I’ve been doing a lot of good old soul-searching lately and I’ve come to the conclusion that I need to go to New York to find my parents. I plan to go to every law firm and hospital until I find at least one of them. Yes, calling every place from the comfort of my of home would be more reasonable and cheaper, but I feel like actually seeing them would do more good. I’ve got questions, and they need to be answered.
My brother told me something last week before he left to go back to Boston. Of course, he said it to upset me (it did), but now it’s driving me insane not knowing if it’s true or not. It’s something I’ve always suspected but kept my mouth shut about just in case I was wrong so I wouldn’t upset anyone. The only way I’ll find out if it’s true or not is if I go see my parents and talk to them.

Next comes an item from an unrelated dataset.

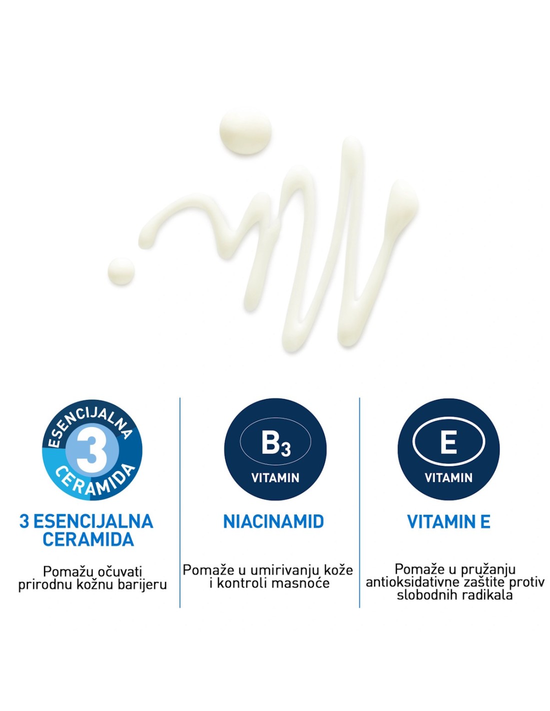 CeraVeov nevidljivi ""Dry Touch"" fluid za zaštitu od sunca pruža vrlo visoku UVB + UVA zaštitu koja će postati vaš prvi izbor. Ova je formula razvijena u suradnji s dermatolozima, a sadrži tri esencijalna ceramida i niacinamid. Ne samo da učinkovito štiti vašu kožu od štetnih UV zraka, već i aktivno jača njezinu prirodnu barijeru, istovremeno pružajući 12-satnu kontrolu masnoće i sjaja* za kožu koja ostaje svježa tijekom cijelog dana. Ova lagana i prozračna formula koja se brzo upija priprema kožu za nanošenje šminke. Nekomedogena i bez mirisa.

Indy has offered to go with me and I’m happy because I’m probably going to need him for emotional support during the trip (and because I have no sense of direction so I‘d probably be completely lost without him). Needless to say, I’m still feeling a insecure about going. I know I need to go find them, but I’m not sure I want to. If what my brother said is true, then me being the black sheep in the family has a logical (or somewhat logical) explanation and it may or may not make me feel a little better. If it’s not true, then that means I’m the black sheep for no reason and I’m probably going to never find out why they all seem to hate me.